◆ **What is being asked**: No pictures, please: print exactly the lines from the one that contains "退休城市:新疆乌鲁木齐,性别" through the last line of the listing.

◆ **Supplied records**:

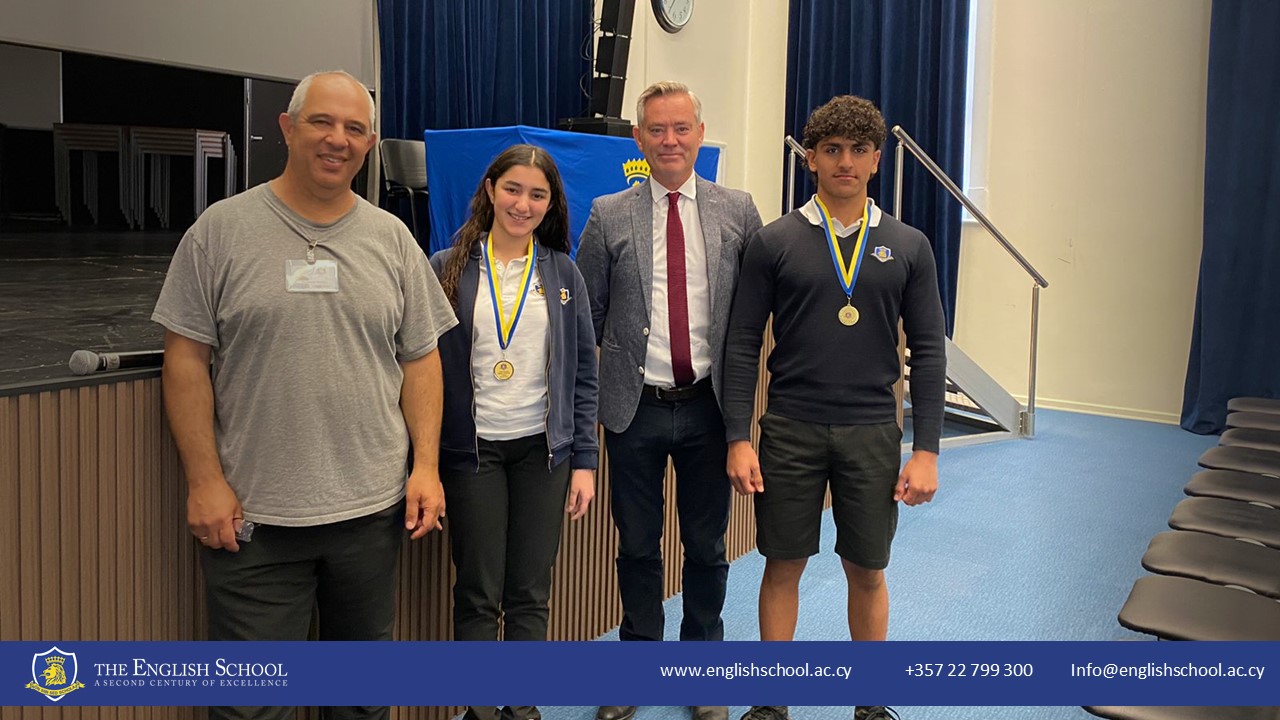 During the ceremony, the award winners were presented with their prizes by the school's Chairperson of the Board, Mr Charalambos Iosephides, the Chairperson of ESOBGA, Mr Andreas Anotniou, our Headmaster, Mr David Lambon and our Guest of Honour H.E. Mr Conor Long, Irish Ambassador to Cyprus and other distinguished guests. The prizes were awarded for academic excellence in a wide range of subjects, including mathematics, science, languages, humanities, and the arts.
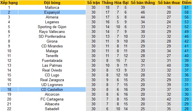 Trong khi đó Espanyol vẫn đang đứng thứ nhì trên bảng xếp hạng. Với 58 điểm có được sau 30 vòng đấu, Espanyol đang còn kém đội đầu bảng Mallorca 3 điểm, đồng thời cũng bị đội thứ ba Almeria bám sát khi khoảng cách chỉ là 2 điểm.
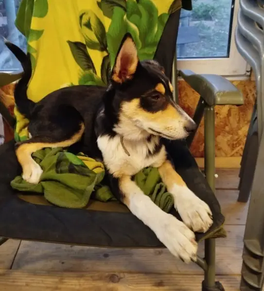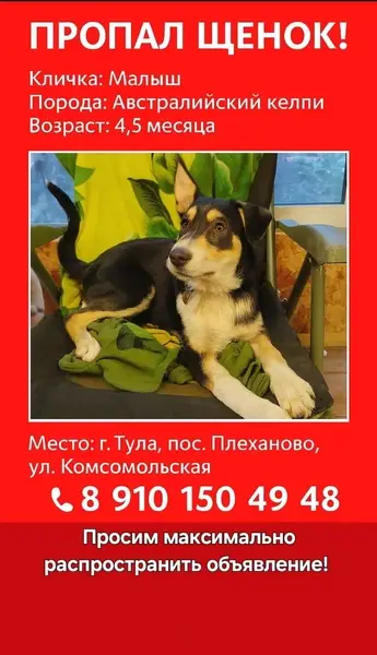 Найдена собачка-щенок, в красном ошейнике. Ласковая и послушная. Видно, что домашняя. Испугана. Временно девушка взяла домой, но аллергик, долго не может держать.
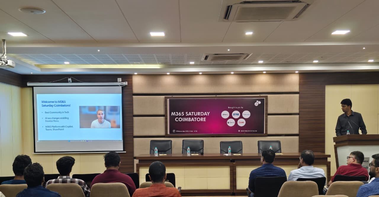 M365 Saturday Coimbatore – AI@Work 2025 brought together professionals, students, and tech enthusiasts for a full day of learning on Microsoft 365, Copilot, Power Platform, and Azure AI. The event created a vibrant space for knowledge sharing and community growth.
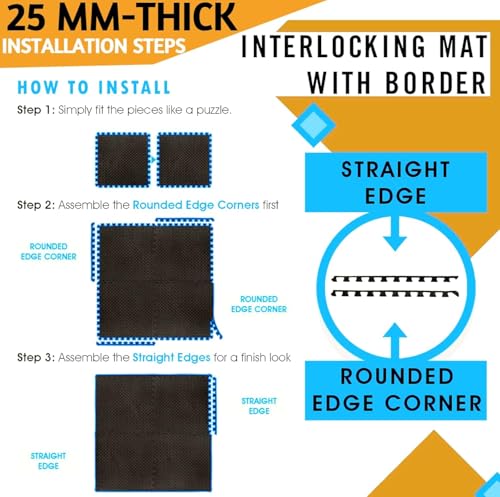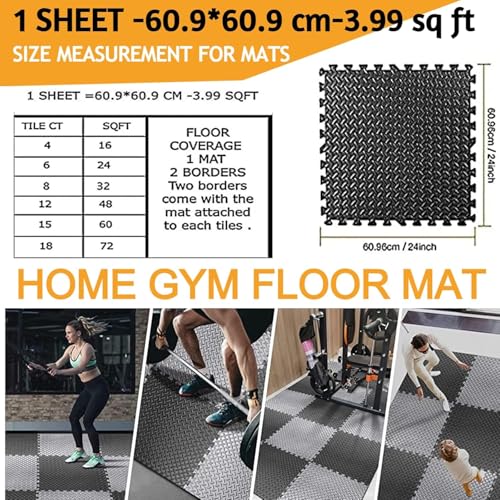 - 【مادة سجادة أرضية تمارين الأحجية】– سجادات مطاطية رغوية، اللون - أسود ورمادي وأسود مع رمادي مقاس 60.9×60.9 سم - 0.3 متر مربع. تحتوي كل سجادة أرضية لصالة الألعاب الرياضية على حافتين. سجادة أحجية Ex-4 =>1.4 متر مربع السُمك -25 ملم => 2.5 سم، سجادة إسفنجية لصالة الألعاب الرياضية واليوجا للأطفال.
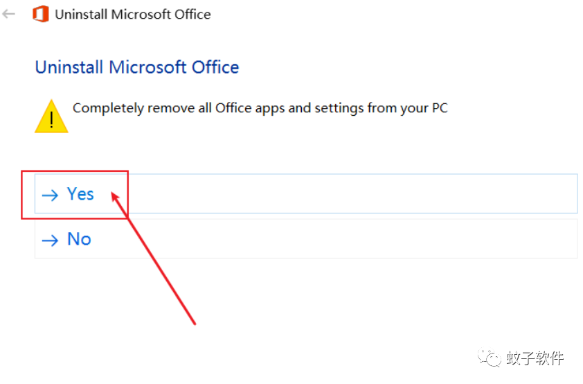 5.问你是否完全移除电脑上所有的办公软件及设定,点击Yes;
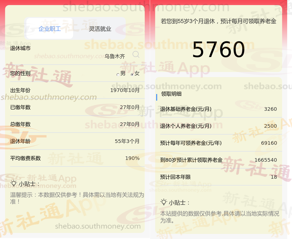 退休城市:新疆乌鲁木齐,性别:女,出生年份:1970,总缴年数27年,缴费档次:190%,新社通app养老金计算器所得:
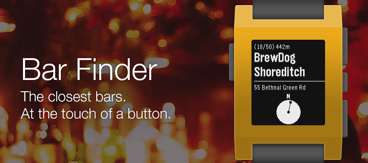 Thirsty? Now with Bar Finder the closest drinking establishments are delivered to your wrist at the press of a button. Bar Finder will tell you how far it is, the street name and even point you in the right direction. Note: This has been fully tested on iOS but should also work on Android - please give feedback on your experiences!
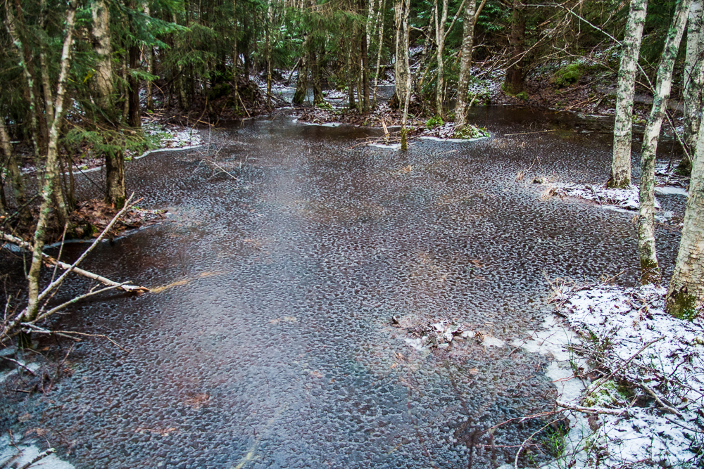 Where has winter gone? Snow falls but soon melts. Weather changes and fog comes. Afterwards the forest is flooded with water. Water that usually comes in spring. The prints of the bowtiemaker are sharp. These are new times!
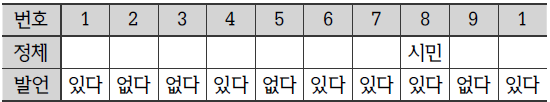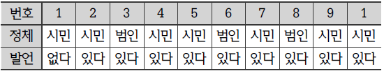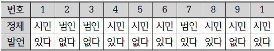 | ○ 9명의 참가자는 1번부터 9번까지의 번호 중 하나를 부여 받고, 동시에 제비를 뽑아 3명은 범인, 6명은 시민이 된다. ○ ‘1번의 오른쪽은 2번, 2번의 오른쪽은 3번, …, 8번의 오른쪽은 9번, 9번의 오른쪽은 1번’과 같이 번호 순서대로 동그랗게 앉는다. ○ 참가자는 본인과 바로 양 옆에 앉은 사람이 범인인지 시민인지 알 수 있다. ○ “옆에 범인이 있다”라는 말은 바로 양 옆에 앉은 2명 중 1명 혹은 2명이 범인이라는 뜻이다. ○ “옆에 범인이 없다”라는 말은 바로 양 옆에 앉은 2명 모두 범인이 아니라는 뜻이다. ○ 범인은 거짓말만 하고, 시민은 참말만 한다. |
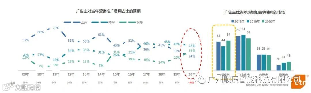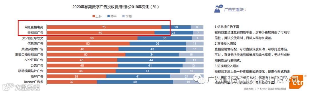 据CTR 8月份发布的《2020年中国广告市场及广告主营销趋势》:
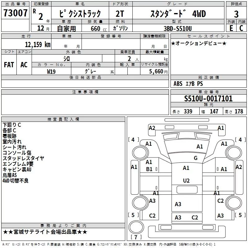 Toyota PIXIS TRUCK с аукциона Японии TAA Tohoku лот № 73007
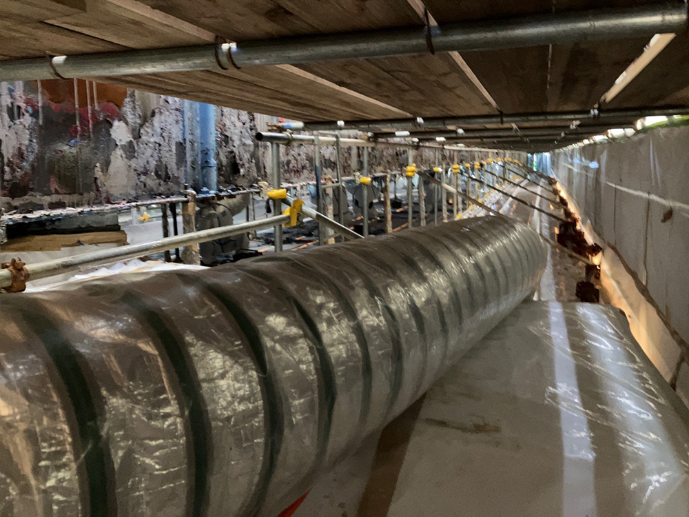 熱中症対策でドライクーラーを設置して足場内に冷風を送る
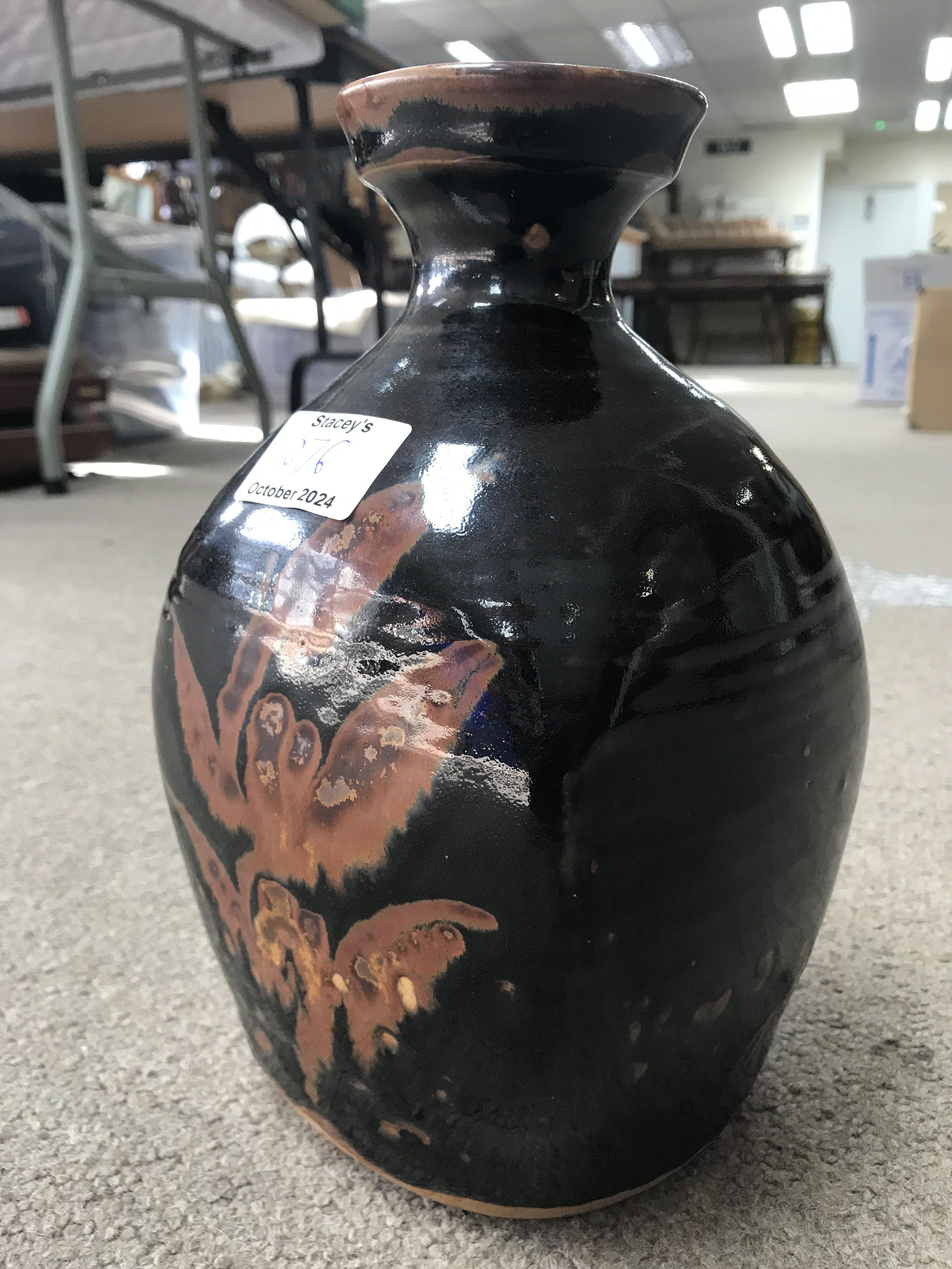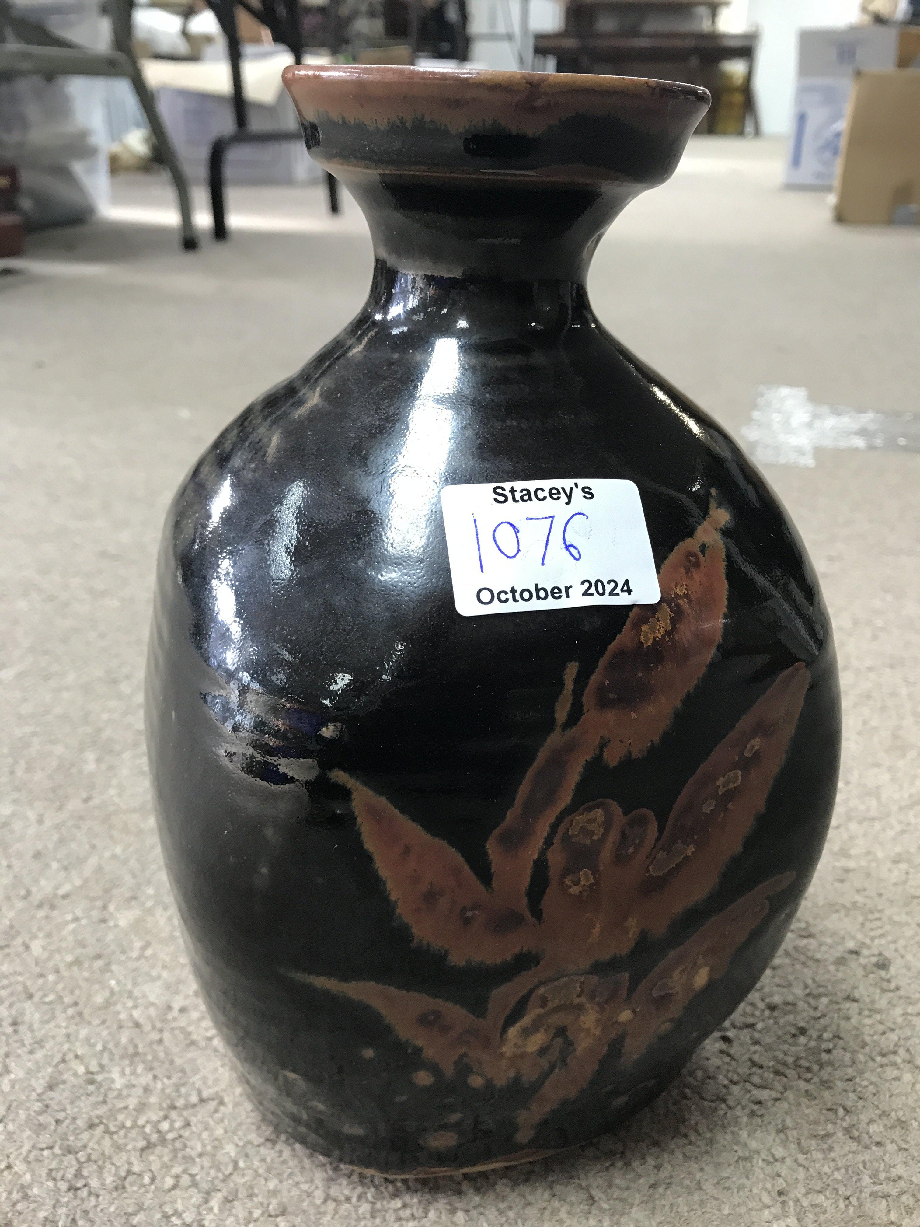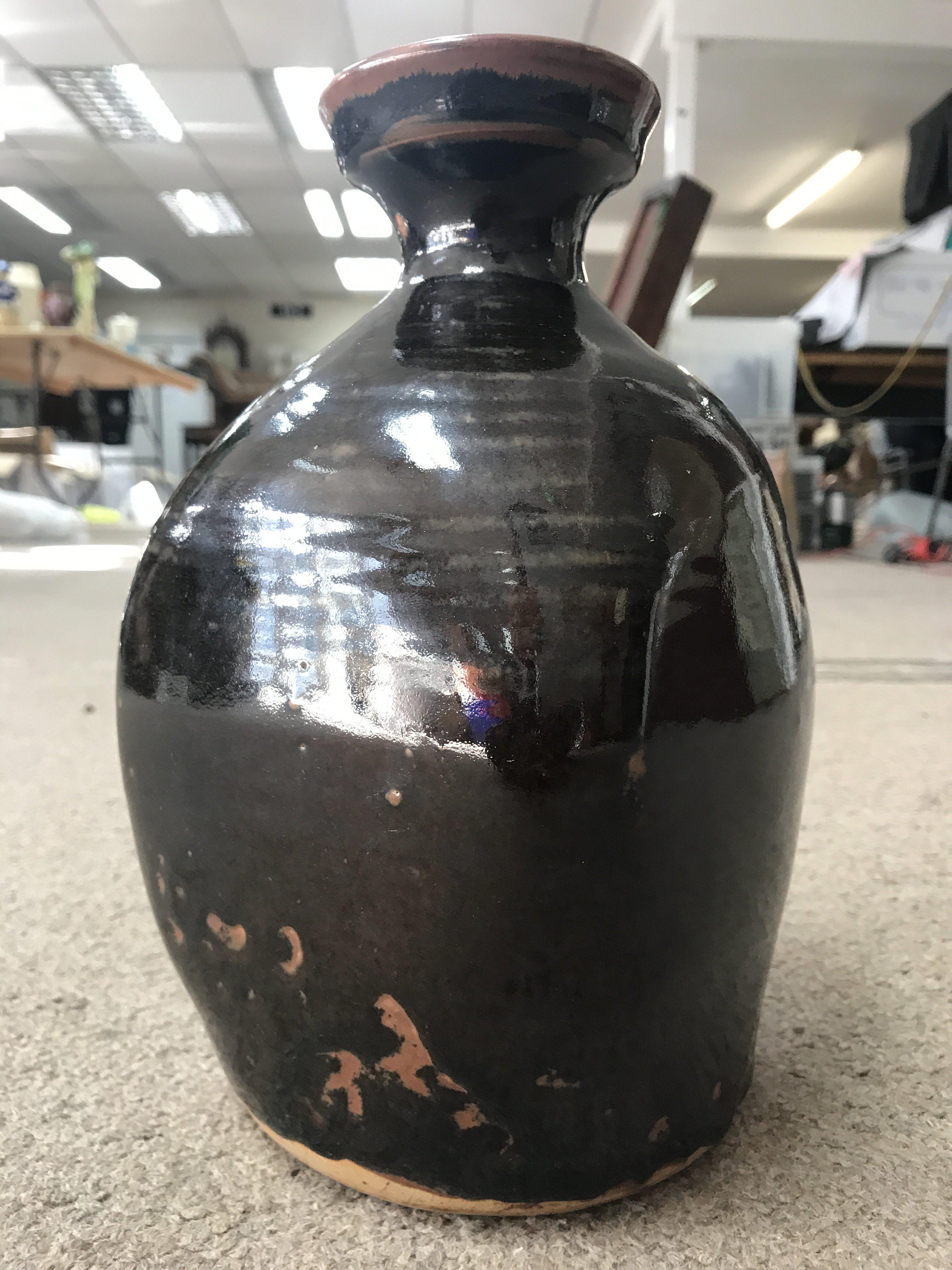 A David Leach stoneware brown glazed bottle vase. 25cm. NO RESERVE

◆ **Completed exercise**:
 退休城市:新疆乌鲁木齐,性别:女,出生年份:1970,总缴年数27年,缴费档次:190%,新社通app养老金计算器所得:
 Thirsty? Now with Bar Finder the closest drinking establishments are delivered to your wrist at the press of a button. Bar Finder will tell you how far it is, the street name and even point you in the right direction. Note: This has been fully tested on iOS but should also work on Android - please give feedback on your experiences!
 Where has winter gone? Snow falls but soon melts. Weather changes and fog comes. Afterwards the forest is flooded with water. Water that usually comes in spring. The prints of the bowtiemaker are sharp. These are new times!
 | ○ 9명의 참가자는 1번부터 9번까지의 번호 중 하나를 부여 받고, 동시에 제비를 뽑아 3명은 범인, 6명은 시민이 된다. ○ ‘1번의 오른쪽은 2번, 2번의 오른쪽은 3번, …, 8번의 오른쪽은 9번, 9번의 오른쪽은 1번’과 같이 번호 순서대로 동그랗게 앉는다. ○ 참가자는 본인과 바로 양 옆에 앉은 사람이 범인인지 시민인지 알 수 있다. ○ “옆에 범인이 있다”라는 말은 바로 양 옆에 앉은 2명 중 1명 혹은 2명이 범인이라는 뜻이다. ○ “옆에 범인이 없다”라는 말은 바로 양 옆에 앉은 2명 모두 범인이 아니라는 뜻이다. ○ 범인은 거짓말만 하고, 시민은 참말만 한다. |
 据CTR 8月份发布的《2020年中国广告市场及广告主营销趋势》:
 Toyota PIXIS TRUCK с аукциона Японии TAA Tohoku лот № 73007
 熱中症対策でドライクーラーを設置して足場内に冷風を送る
 A David Leach stoneware brown glazed bottle vase. 25cm. NO RESERVE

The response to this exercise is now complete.